Nun wäre es doch schon ein Erfolg, wenn die Empörung über rassistische Polizeigewalt mit dafür sorgen würde, dass der Fall Oury Jalloh doch noch einmal aufgerollt wird.

Nicht nur Rassismus, sondern auch Verachtung der Armen ist das Problem

Die Beschäftigung mit dem Tod von Oury Jalloh legt aber auch offen, dass neben Rassismus die Verachtung von einkommensarmen Menschen ebenso das Problem ist. Bereits vor dem Tod von Oury Jalloh starben in der Dessauer Polizeiwache zwei Männer mit weißer Hautfarbe (2002 der wohnungslose Mario Bichtemann und 1997 Hans-Jürgen Rose).

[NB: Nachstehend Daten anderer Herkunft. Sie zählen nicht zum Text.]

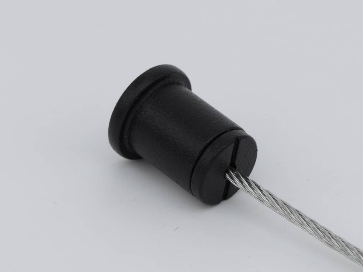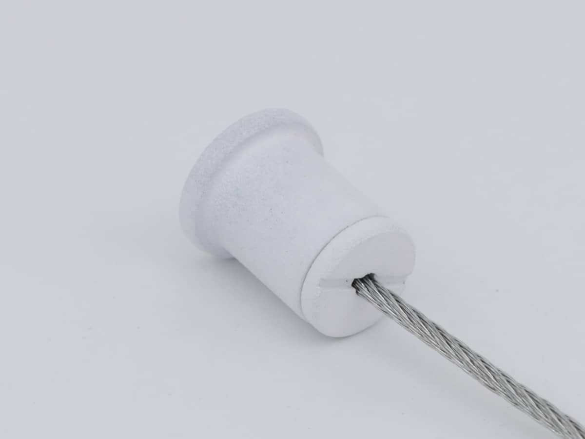 Подвес цилиндрической формы состоит из двух вкручиваемых друг в друга частей: основание в виде цилиндра с отверстием, в которую вкручивается декоративная шляпка с отверстием под трос (диаметр отверстия 2,4 мм). Для крепления подвеса к стене либо материалу, в основании цилиндра есть отверстие диаметром 4,8 мм.

Auch in den USA richtet sich die Polizeigewalt oft gegen Menschen mit geringem Einkommen, die sich in prekären Lebens- und Arbeitsverhältnissen befanden. Dazu gehörte auch George Floyd. Es wäre also sinnvoll, wenn neben der Hautfarbe auch die Klassenlage der Betroffenen thematisiert würde.

Damit würde auch verhindert, dass sich hier neue Spaltungslinien auftun. Viele weiße Erwerbslose werden von den Rechten umworben, auch mit der Propaganda, dass die Politik für sie wenig tut. Von den Rechten wird hier bewusst, eine Spaltungslinie auf Grund der Hautfarbe aufgebaut. Diesen Fehler sollte eine Gegenbewegung nicht machen.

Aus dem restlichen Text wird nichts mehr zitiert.